_Required work_. Every record below should be written out exactly; pictures stay out.

Stored data entries:
┏━━

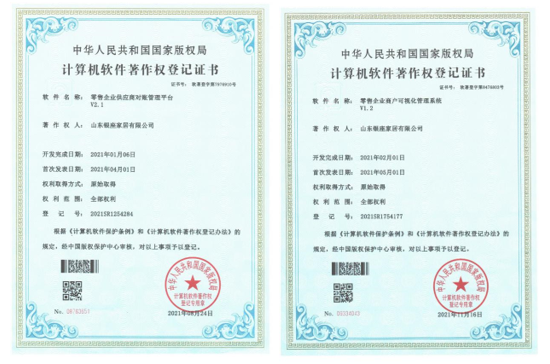 近日,銀座家居供應商返款對賬平臺、商戶可視化管理系統(tǒng)2項數(shù)字化轉型成果先后取得國家版權局計算機軟件著作權登記證書。
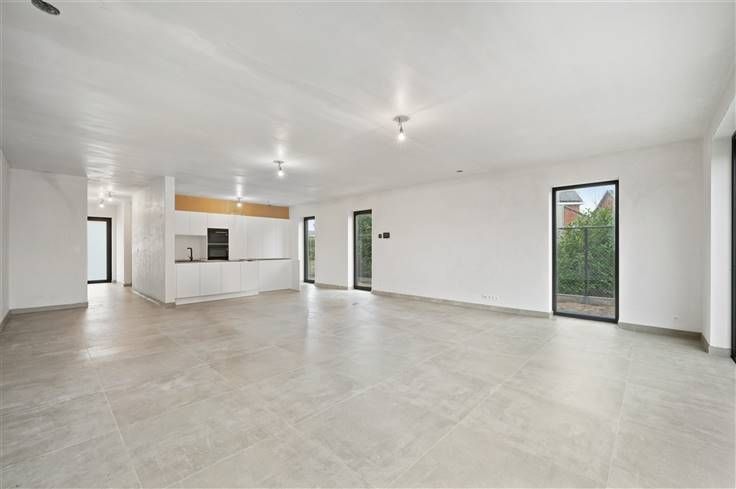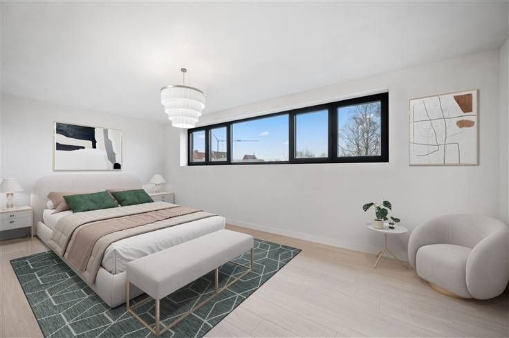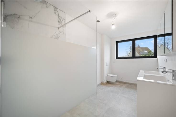 Wie de prijs/kwaliteit verhouding analyseert, krijgt hier zeker waar voor z’n geld, met liefst 3 kamers. Alle nieuwe technieken worden hier toegepast: gelijmde gevelsteen, venilatiesysteem D, lucht/water warmtepomp, warmtepompboiler, overal vloerverwarming, 12 zonnepanelen, kabel voor laadpaal. Qua stijl passen de zwarte aluminiumramen met een grote trekker op de voordeur goed bij de vlakke dakpannen, de gelijmde gevelsteen en de betontrap met zwarte natuursteen. Binnen werd gekozen voor lichte tegels van 80x80 cm en een zwart werkblad in de witte open keuken, waar er opvallend veel kastruimte aanwezig is, plus een geheime doorgang naar een ruime berging. Wat betreft de apparaten zijn de volgende voorzien: een kookplaat met centrale afzuiging, een koelkast, een vriezer, een combi-oven, een microgolfoven en een vaatwasser. Vanuit de keuken en grote living, hebt u via een zeer breed schuifraam een mooi zicht op de omheinde tuin, een achterliggende weide met schaapjes van de buurman en het terras, met tegels van 1x1 m. In de inkom is plaats voor een vestiairekast en boven, op de 1ste verdieping, spotten we nog een extra berging. In de badkamer valt ons oog op 2 plafondhoge tegels in de inloopdoouche, een hangtoilet en een dubbel meubel met spiegel. De grootste van de drie kamers, neemt de hele breedte van het huis in beslag. Wat niet is inbegrepen, is het aanplanten van planten in de tuin en de installatie van trapbalustrades, omdat daar de smaken zeer uiteenlopend kunne
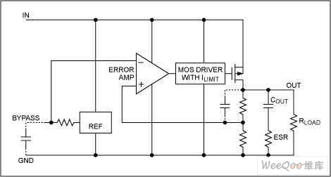 低壓差線性穩壓器(LDO)的結構主要包括啟動電路、恒流源偏置單元、使能電路、調整元件、基準源、誤差放大器、反饋電阻網絡,保護電路等,基本工作原理是這樣的:係xi統tong加jia電dian,如ru果guo使shi能neng腳jiao處chu於yu高gao電dian平ping時shi,電dian路lu開kai始shi啟qi動dong,恒heng流liu源yuan電dian路lu給gei整zheng個ge電dian路lu提ti供gong偏pian置zhi,基ji準zhun源yuan電dian壓ya快kuai速su建jian立li,輸shu出chu隨sui著zhe輸shu入ru不bu斷duan上shang升sheng,當dang輸shu出chu即ji將jiang達da到dao規gui定ding值zhi時shi,由you反fan饋kui網wang絡luo得de到dao的de輸shu出chu反fan饋kui電dian壓ya也ye接jie近jin於yu基ji準zhun電dian壓ya值zhi,此ci時shi誤wu差cha放fang大da器qi將jiang輸shu出chu反fan饋kui電dian壓ya和he基ji準zhun電dian壓ya之zhi間jian的de誤wu差cha小xiao信xin號hao進jin行xing放fang大da,再zai經jing調tiao整zheng管guan放fang大da到dao輸shu出chu,從cong而er形xing成cheng負fu反fan饋kui,保bao證zheng了le輸shu出chu電dian壓ya穩wen定ding在zai規gui定ding值zhi上shang;同理如果輸入電壓變化或輸出電流變化,這個閉環回路將使輸出電壓保持不變,即:
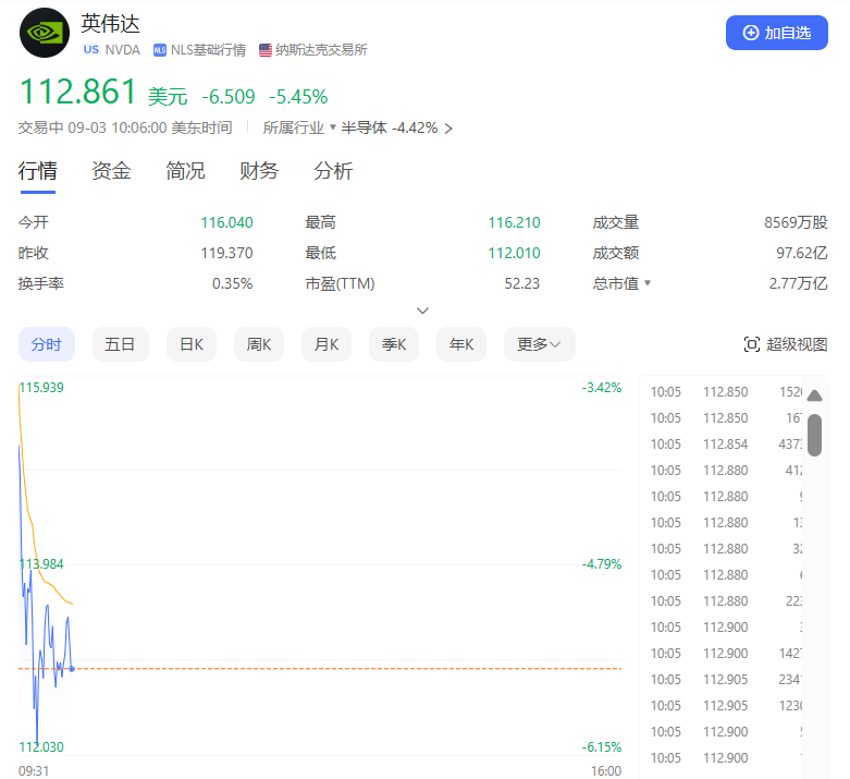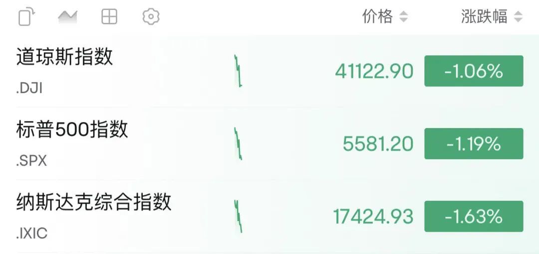 当地时间9月3日,美股三大股指集体低开。截至发稿时,道指下跌1.06%,纳指下跌1.63%,标准普尔500指下跌1.19%。
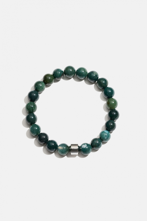 Elastiskt armband med runda 'green jasper' naturstenar med polerad finish och en pärldetalj i rostfritt stål. Ett stilrent armband som passar perfekt att kombinera med flera armband. Kommer i storlekarna S/M och M/L.
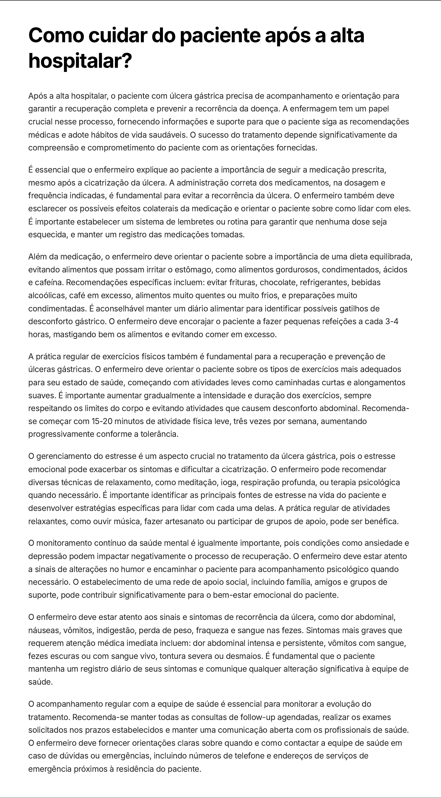 Como cuidar do paciente após a alta hospitalar? Após a alta hospitalar, o paciente com úlcera gástrica precisa de acompanhamento e orientação para garantir a recuperação completa e prevenir a recorrência da doença. A enfermagem tem um papel crucial nesse processo, fornecendo informações e suporte para que o paciente siga as recomendações médicas e adote hábitos de vida saudáveis. O sucesso do tratamento depende significativamente da compreensão e comprometimento do paciente com as orientações fornecidas. É essencial que o enfermeiro explique ao paciente a importância de seguir a medicação prescrita, mesmo após a cicatrização da úlcera. A administração correta dos medicamentos, na dosagem e frequência indicadas, é fundamental para evitar a recorrência da úlcera. O enfermeiro também deve esclarecer os possíveis efeitos colaterais da medicação e orientar o paciente sobre como lidar com eles. É importante estabelecer um sistema de lembretes ou rotina para garantir que nenhuma dose seja esquecida, e manter um registro das medicações tomadas. Além da medicação, o enfermeiro deve orientar o paciente sobre a importância de uma dieta equilibrada, evitando alimentos que possam irritar o estômago, como alimentos gordurosos, condimentados, ácidos e cafeína. Recomendações específicas incluem: evitar frituras, chocolate, refrigerantes, bebidas alcoólicas, café em excesso, alimentos muito quentes ou muito frios, e preparações muito condimentadas. É aconselhável manter um diário alimentar para identificar possíveis gatilhos de desconforto gástrico. O enfermeiro deve encorajar o paciente a fazer pequenas refeições a cada 3-4 horas, mastigando bem os alimentos e evitando comer em excesso. A prática regular de exercícios físicos também é fundamental para a recuperação e prevenção de úlceras gástricas. O enfermeiro deve orientar o paciente sobre os tipos de exercícios mais adequados para seu estado de saúde, começando com atividades leves como caminhadas curtas e alongamentos suaves. É importante aumentar gradualmente a intensidade e duração dos exercícios, sempre respeitando os limites do corpo e evitando atividades que causem desconforto abdominal. Recomenda- se começar com 15-20 minutos de atividade física leve, três vezes por semana, aumentando progressivamente conforme a tolerância. O gerenciamento do estresse é um aspecto crucial no tratamento da úlcera gástrica, pois o estresse emocional pode exacerbar os sintomas e dificultar a cicatrização. O enfermeiro pode recomendar diversas técnicas de relaxamento, como meditação, ioga, respiração profunda, ou terapia psicológica quando necessário. É importante identificar as principais fontes de estresse na vida do paciente e desenvolver estratégias específicas para lidar com cada uma delas. A prática regular de atividades relaxantes, como ouvir música, fazer artesanato ou participar de grupos de apoio, pode ser benéfica. O monitoramento contínuo da saúde mental é igualmente importante, pois condições como ansiedade e depressão podem impactar negativamente o processo de recuperação. O enfermeiro deve estar atento a sinais de alterações no humor e encaminhar o paciente para acompanhamento psicológico quando necessário. O estabelecimento de uma rede de apoio social, incluindo família, amigos e grupos de suporte, pode contribuir significativamente para o bem-estar emocional do paciente. O enfermeiro deve estar atento aos sinais e sintomas de recorrência da úlcera, como dor abdominal, náuseas, vômitos, indigestão, perda de peso, fraqueza e sangue nas fezes. Sintomas mais graves que requerem atenção médica imediata incluem: dor abdominal intensa e persistente, vômitos com sangue, fezes escuras ou com sangue vivo, tontura severa ou desmaios. É fundamental que o paciente mantenha um registro diário de seus sintomas e comunique qualquer alteração significativa à equipe de saúde. O acompanhamento regular com a equipe de saúde é essencial para monitorar a evolução do tratamento. Recomenda-se manter todas as consultas de follow-up agendadas, realizar os exames solicitados nos prazos estabelecidos e manter uma comunicação aberta com os profissionais de saúde. O enfermeiro deve fornecer orientações claras sobre quando e como contactar a equipe de saúde em caso de dúvidas ou emergências, incluindo números de telefone e endereços de serviços de emergência próximos à residência do paciente.
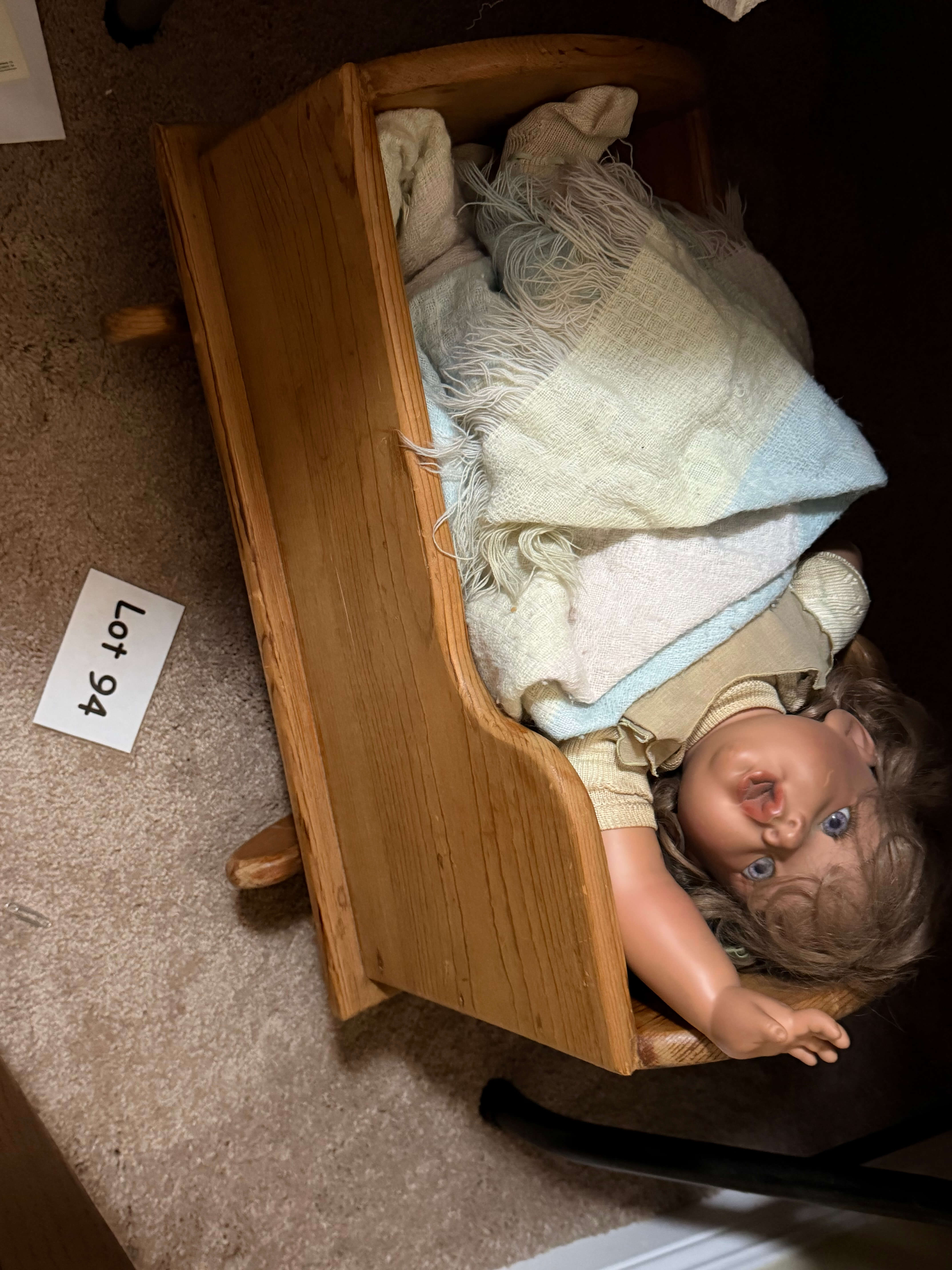 Baby Doll in Wood Cradle, 20"l x 11"w x 16"h
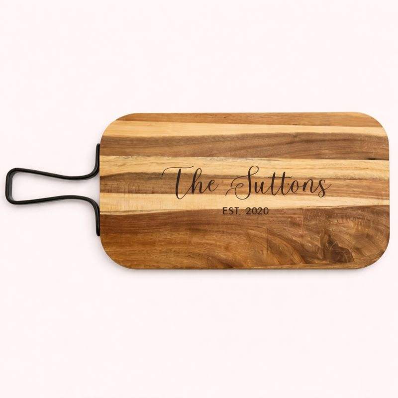 เขียงหั่นอาหารแบบสั่งทำพิเศษพร้อมด้ามจับโลหะแข็งแรง พื้นผิวเรียบลื่น เหมาะสำหรับการเตรียมอาหาร การเสิร์ฟ และการให้เป็นของขวัญ
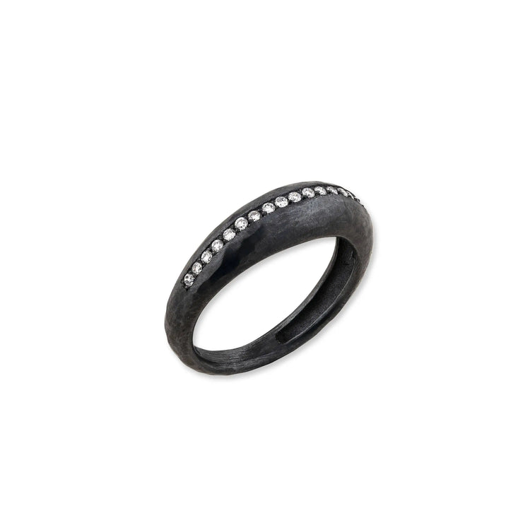 STERLING SILVER “BOOGIE LINE” HAMMERED RING, DIAMONDS (.19CT Total Weight)

┗━━

_Task response_.
 近日,銀座家居供應商返款對賬平臺、商戶可視化管理系統(tǒng)2項數(shù)字化轉型成果先后取得國家版權局計算機軟件著作權登記證書。
 Wie de prijs/kwaliteit verhouding analyseert, krijgt hier zeker waar voor z’n geld, met liefst 3 kamers. Alle nieuwe technieken worden hier toegepast: gelijmde gevelsteen, venilatiesysteem D, lucht/water warmtepomp, warmtepompboiler, overal vloerverwarming, 12 zonnepanelen, kabel voor laadpaal. Qua stijl passen de zwarte aluminiumramen met een grote trekker op de voordeur goed bij de vlakke dakpannen, de gelijmde gevelsteen en de betontrap met zwarte natuursteen. Binnen werd gekozen voor lichte tegels van 80x80 cm en een zwart werkblad in de witte open keuken, waar er opvallend veel kastruimte aanwezig is, plus een geheime doorgang naar een ruime berging. Wat betreft de apparaten zijn de volgende voorzien: een kookplaat met centrale afzuiging, een koelkast, een vriezer, een combi-oven, een microgolfoven en een vaatwasser. Vanuit de keuken en grote living, hebt u via een zeer breed schuifraam een mooi zicht op de omheinde tuin, een achterliggende weide met schaapjes van de buurman en het terras, met tegels van 1x1 m. In de inkom is plaats voor een vestiairekast en boven, op de 1ste verdieping, spotten we nog een extra berging. In de badkamer valt ons oog op 2 plafondhoge tegels in de inloopdoouche, een hangtoilet en een dubbel meubel met spiegel. De grootste van de drie kamers, neemt de hele breedte van het huis in beslag. Wat niet is inbegrepen, is het aanplanten van planten in de tuin en de installatie van trapbalustrades, omdat daar de smaken zeer uiteenlopend kunne
 低壓差線性穩壓器(LDO)的結構主要包括啟動電路、恒流源偏置單元、使能電路、調整元件、基準源、誤差放大器、反饋電阻網絡,保護電路等,基本工作原理是這樣的:係xi統tong加jia電dian,如ru果guo使shi能neng腳jiao處chu於yu高gao電dian平ping時shi,電dian路lu開kai始shi啟qi動dong,恒heng流liu源yuan電dian路lu給gei整zheng個ge電dian路lu提ti供gong偏pian置zhi,基ji準zhun源yuan電dian壓ya快kuai速su建jian立li,輸shu出chu隨sui著zhe輸shu入ru不bu斷duan上shang升sheng,當dang輸shu出chu即ji將jiang達da到dao規gui定ding值zhi時shi,由you反fan饋kui網wang絡luo得de到dao的de輸shu出chu反fan饋kui電dian壓ya也ye接jie近jin於yu基ji準zhun電dian壓ya值zhi,此ci時shi誤wu差cha放fang大da器qi將jiang輸shu出chu反fan饋kui電dian壓ya和he基ji準zhun電dian壓ya之zhi間jian的de誤wu差cha小xiao信xin號hao進jin行xing放fang大da,再zai經jing調tiao整zheng管guan放fang大da到dao輸shu出chu,從cong而er形xing成cheng負fu反fan饋kui,保bao證zheng了le輸shu出chu電dian壓ya穩wen定ding在zai規gui定ding值zhi上shang;同理如果輸入電壓變化或輸出電流變化,這個閉環回路將使輸出電壓保持不變,即:
 当地时间9月3日,美股三大股指集体低开。截至发稿时,道指下跌1.06%,纳指下跌1.63%,标准普尔500指下跌1.19%。
 Elastiskt armband med runda 'green jasper' naturstenar med polerad finish och en pärldetalj i rostfritt stål. Ett stilrent armband som passar perfekt att kombinera med flera armband. Kommer i storlekarna S/M och M/L.
 Como cuidar do paciente após a alta hospitalar? Após a alta hospitalar, o paciente com úlcera gástrica precisa de acompanhamento e orientação para garantir a recuperação completa e prevenir a recorrência da doença. A enfermagem tem um papel crucial nesse processo, fornecendo informações e suporte para que o paciente siga as recomendações médicas e adote hábitos de vida saudáveis. O sucesso do tratamento depende significativamente da compreensão e comprometimento do paciente com as orientações fornecidas. É essencial que o enfermeiro explique ao paciente a importância de seguir a medicação prescrita, mesmo após a cicatrização da úlcera. A administração correta dos medicamentos, na dosagem e frequência indicadas, é fundamental para evitar a recorrência da úlcera. O enfermeiro também deve esclarecer os possíveis efeitos colaterais da medicação e orientar o paciente sobre como lidar com eles. É importante estabelecer um sistema de lembretes ou rotina para garantir que nenhuma dose seja esquecida, e manter um registro das medicações tomadas. Além da medicação, o enfermeiro deve orientar o paciente sobre a importância de uma dieta equilibrada, evitando alimentos que possam irritar o estômago, como alimentos gordurosos, condimentados, ácidos e cafeína. Recomendações específicas incluem: evitar frituras, chocolate, refrigerantes, bebidas alcoólicas, café em excesso, alimentos muito quentes ou muito frios, e preparações muito condimentadas. É aconselhável manter um diário alimentar para identificar possíveis gatilhos de desconforto gástrico. O enfermeiro deve encorajar o paciente a fazer pequenas refeições a cada 3-4 horas, mastigando bem os alimentos e evitando comer em excesso. A prática regular de exercícios físicos também é fundamental para a recuperação e prevenção de úlceras gástricas. O enfermeiro deve orientar o paciente sobre os tipos de exercícios mais adequados para seu estado de saúde, começando com atividades leves como caminhadas curtas e alongamentos suaves. É importante aumentar gradualmente a intensidade e duração dos exercícios, sempre respeitando os limites do corpo e evitando atividades que causem desconforto abdominal. Recomenda- se começar com 15-20 minutos de atividade física leve, três vezes por semana, aumentando progressivamente conforme a tolerância. O gerenciamento do estresse é um aspecto crucial no tratamento da úlcera gástrica, pois o estresse emocional pode exacerbar os sintomas e dificultar a cicatrização. O enfermeiro pode recomendar diversas técnicas de relaxamento, como meditação, ioga, respiração profunda, ou terapia psicológica quando necessário. É importante identificar as principais fontes de estresse na vida do paciente e desenvolver estratégias específicas para lidar com cada uma delas. A prática regular de atividades relaxantes, como ouvir música, fazer artesanato ou participar de grupos de apoio, pode ser benéfica. O monitoramento contínuo da saúde mental é igualmente importante, pois condições como ansiedade e depressão podem impactar negativamente o processo de recuperação. O enfermeiro deve estar atento a sinais de alterações no humor e encaminhar o paciente para acompanhamento psicológico quando necessário. O estabelecimento de uma rede de apoio social, incluindo família, amigos e grupos de suporte, pode contribuir significativamente para o bem-estar emocional do paciente. O enfermeiro deve estar atento aos sinais e sintomas de recorrência da úlcera, como dor abdominal, náuseas, vômitos, indigestão, perda de peso, fraqueza e sangue nas fezes. Sintomas mais graves que requerem atenção médica imediata incluem: dor abdominal intensa e persistente, vômitos com sangue, fezes escuras ou com sangue vivo, tontura severa ou desmaios. É fundamental que o paciente mantenha um registro diário de seus sintomas e comunique qualquer alteração significativa à equipe de saúde. O acompanhamento regular com a equipe de saúde é essencial para monitorar a evolução do tratamento. Recomenda-se manter todas as consultas de follow-up agendadas, realizar os exames solicitados nos prazos estabelecidos e manter uma comunicação aberta com os profissionais de saúde. O enfermeiro deve fornecer orientações claras sobre quando e como contactar a equipe de saúde em caso de dúvidas ou emergências, incluindo números de telefone e endereços de serviços de emergência próximos à residência do paciente.
 Baby Doll in Wood Cradle, 20"l x 11"w x 16"h
 เขียงหั่นอาหารแบบสั่งทำพิเศษพร้อมด้ามจับโลหะแข็งแรง พื้นผิวเรียบลื่น เหมาะสำหรับการเตรียมอาหาร การเสิร์ฟ และการให้เป็นของขวัญ
 STERLING SILVER “BOOGIE LINE” HAMMERED RING, DIAMONDS (.19CT Total Weight)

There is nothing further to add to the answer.